Leurs restaurations de grande qualité marquent un tournant décisif des principes
de restitution se rapprochant de ceux que nous observons aujourd’hui.
L’œuvre des mosaïstes italiens en France à l’époque contemporaine est encore
mal connue sous de nombreux aspects. Si la voie a été ouverte par Hélène Guéné
qui rédigea sa thèse de doctorat sur l’entreprise de mosaïque rennaise Odorico père
et fils 4, ou par Maryse Andrys qui a pris pour sujet Gian Domenico Facchina 5,
beaucoup d’ateliers n’ont encore jamais fait l’objet d’une étude exhaustive. Aussi
faut-il, souligner l’importance de ces artistes encore fort ignorés dans l’univers
culturel du XIXe siècle, apporter un regard nouveau sur leur activité, et au-delà de
cet aspect méconnu de l’histoire de la mosaïque contemporaine, donner une place
à cette discipline dans l’histoire du patrimoine archéologique.
Notes
1. J.-P. BABELON, A. CHASTEL, « La notion de patrimoine », La Revue de l’art, 1980, n° 49,
p. 5-32, rééd. Paris, Editions Liana Lévi, 1994, 142 p. (coll. Opinion).

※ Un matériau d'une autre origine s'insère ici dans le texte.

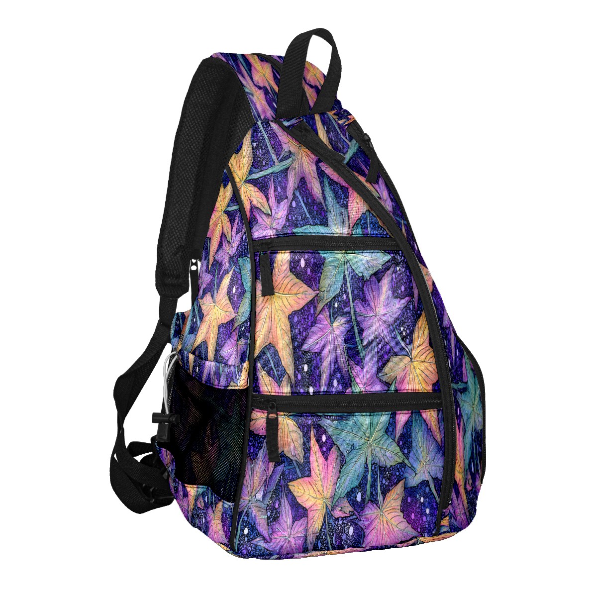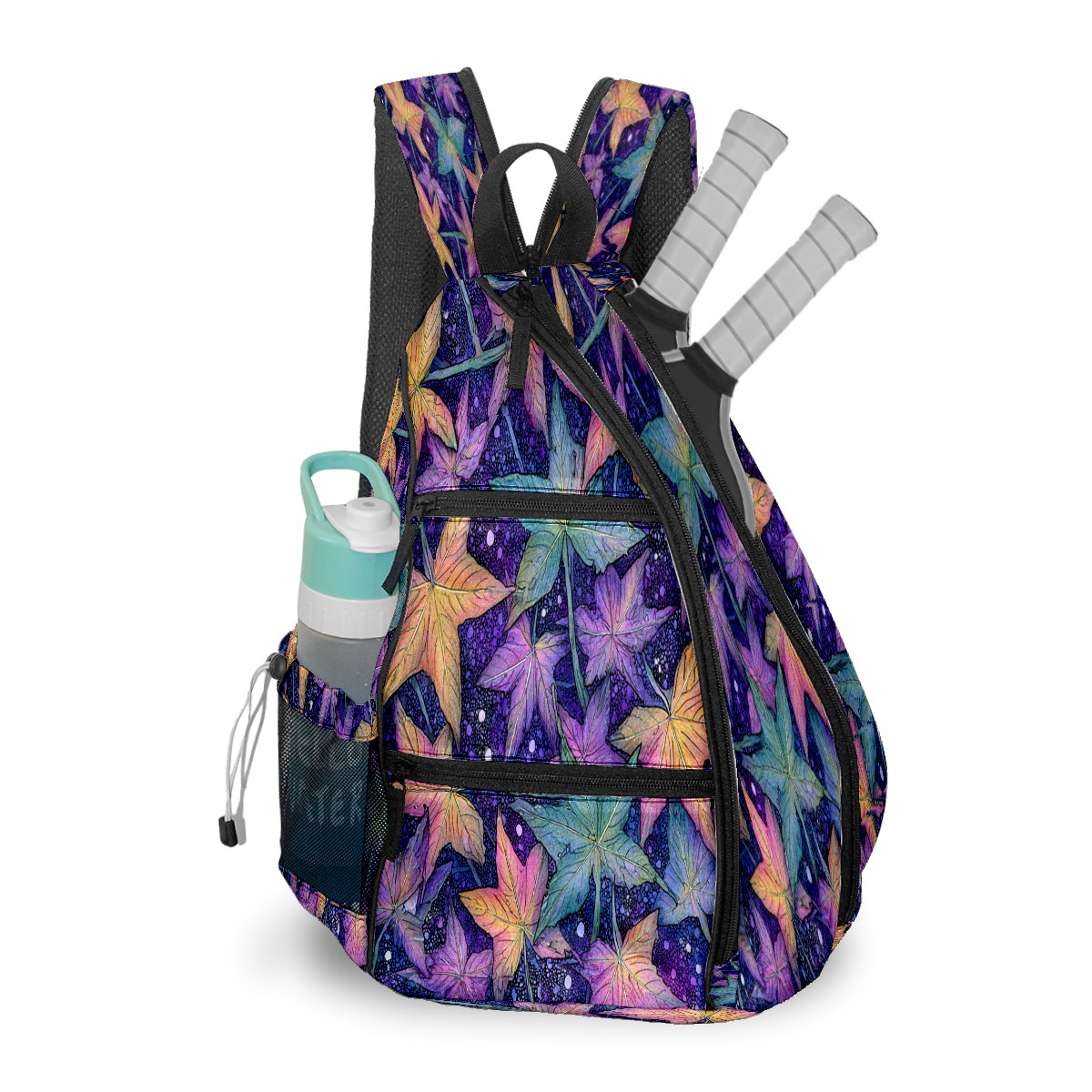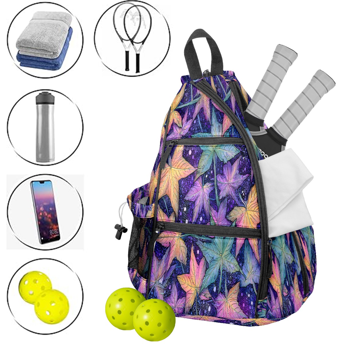 Pickleball Bag with Padded Back, Maple Leaf PurpleBlue Multi-Compartment Paddle Backpack, Lightweight Nylon Sports Bag for Men & Women

2. P. NORA (dir.), Les lieux de mémoire, Paris, Gallimard, (Bibliothèque illustrée des Histoires) ;
I. La République, 1984, 674 p. ; II. La Nation, 1986, t. I, 610 p., t. II. 662 p., t. III. 667 p. ;
III. Les France, 1992, t. I. Conflits et partages, 988 p., t. II. Traditions, 988 p., t. III. De l’archive à l’emblème, 1 034 p.

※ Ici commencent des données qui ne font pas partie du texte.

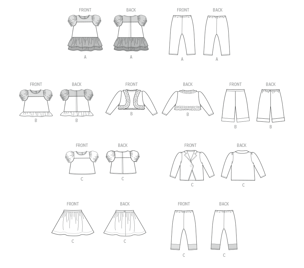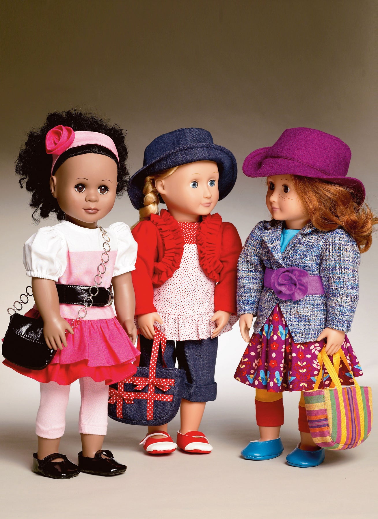 Drei Outfits für 18"-Puppen. Outfit A: Kleid, Leggings und Stirnband. Outfit B: Bolero, Oberteil, Hut und Hose. Outfit C: Jacke, Oberteil, Hut, Rock und Leggings.

3. F. BERCE, Des Monuments historiques au patrimoine du XVIIIe siècle à nos jours, Paris,
Flammarion, 2000, p. 40-46.
4. H. GUENE, Odorico mosaïste. La production d’un atelier italien en Bretagne et en Anjou (18821978), thèse de doctorat en histoire de l’art soutenue à l’Université de Rennes en 1984.
5. M. ANDRYS, Le renouveau de la mosaïque monumentale en France de 1875 à 1903. Étude
sur la production et l’activité des principaux ateliers parisiens de la fin du XIXe siècle, thèse de
doctorat en Histoire sociale, soutenue à l’université de Besançon en 1995.